The presence of an ITIS TSN identifier assigned to an ECOS species record is a pretty solid identifier to use in retrieving data from the TESS system. This code block uses a TSN type query to retrieve as many records as possible back for the data collection.

In [11]:
for record in esaWPSpecies.find({"$and":[{"TESS":{"$exists":False}},{"ECOS Scrape.TSN":{"$exists":True}}]}):
    tessData = tess.queryTESS("TSN",record["ECOS Scrape"]["TSN"])
    if tessData["result"] is not False:
        esaWPSpecies.update_one({"_id":record["_id"]},{"$set":{"TESS":tessData}})
    else:
        display(record)

For a few cases, we did not have an ITIS TSN in the data from the ECOS scrape, but we do have an SPCODE identifier in the URL from the link. We can use those to go after TESS data. This code block is meant to run in sequence after trying for TESS data via TSN.

In [12]:
for record in esaWPSpecies.find({"$and":[{"TESS":{"$exists":False}},{"ECOS Scrape.SPCODE":{"$exists":True}}]}):
    tessData = tess.queryTESS("SPCODE",record["ECOS Scrape"]["SPCODE"])
    if tessData["result"] is not False:
        esaWPSpecies.update_one({"_id":record["_id"]},{"$set":{"TESS":tessData}})
    else:
        display(record)

In cases where we still don't have any TESS data after trying ITIS TSN and SPCODE identifiers, we can still try to use the scientific name to see if there is anything in the system. If not, then there must be some reason that FWS has not entered information for a particular petition into their core system.

At this point, I also check to see if the scientific name we scraped from a linked ECOS web page matches the scientific name from the FWS pre-listing plan spreadsheet. If it doesn't match, I put a note in the processing metadata indicating that there is an issue we may want to investigate further. Depending on who established a link to ECOS in the spreadsheet, it may just be that we resolved some taxonomic issue with what was originally submitted by a petitioner.

In [13]:
for record in esaWPSpecies.find({"$and":[{"TESS":{"$exists":False}},{"ECOS Scrape.SPCODE":{"$exists":False}},{"ECOS Scrape.Scientific Name":{"$exists":True}}]}):
    if record["Submitted Data"]["Scientific Name"] != record["ECOS Scrape"]["Scientific Name"]:
        processingMetadata = record["Processing Metadata"]
        processingMetadata["ECOS Match Annotation"] = "Scientific name from spreadsheet didn't match with referenced ECOS record"
        esaWPSpecies.update_one({"_id":record["_id"]},{"$set":{"Processing Metadata":processingMetadata}})
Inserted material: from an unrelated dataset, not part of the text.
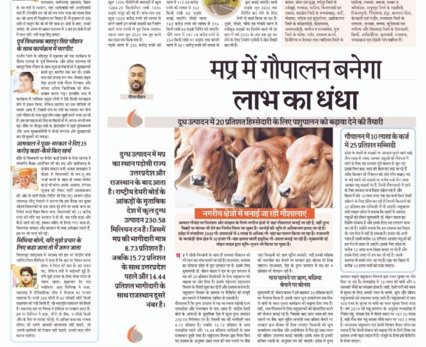 दूध उत्पादन में 20 प्रतिशत हिस्सेदारी के लिए पशुपालन को बढ़ावा देने की तैयारी गौरव चौहान मप्र में खेती-किसानी के साथ ही सरकार गौपालन को भी लाभ का धंधा बनाने…

    tessData = tess.queryTESS("SCINAME",record["ECOS Scrape"]["Scientific Name"])
    if tessData["result"] is not False:
        esaWPSpecies.update_one({"_id":record["_id"]},{"$set":{"TESS":tessData}})
    else:
        print("No TESS record found on scientific name search")
        display(record)

At this point, there are a number of records that did not include any ECOS link to follow and scrape and for which we've not been able to retrieve any information from TESS. I go ahead and try to use the original scientific name supplied to run a search with the TESS API to see if we find any results. At this point, we've exhausted all our possibilities of finding a link to TESS without also running ITIS processes to potentially turn up a TSN to search with, so we go ahead and insert a TESS result for every remaining record, indicating that no result was found if that's the case.

In [14]:
for record in esaWPSpecies.find({"TESS":{"$exists":False}}):
    esaWPSpecies.update_one({"_id":record["_id"]},{"$set":{"TESS":tess.queryTESS("SCINAME",record["Submitted Data"]["Scientific Name"])}})


In [15]:
# Show what one of the records looks like at this point with the ECOS scraped information on board.
display(esaWPSpecies.find_one({"TESS.result":True}))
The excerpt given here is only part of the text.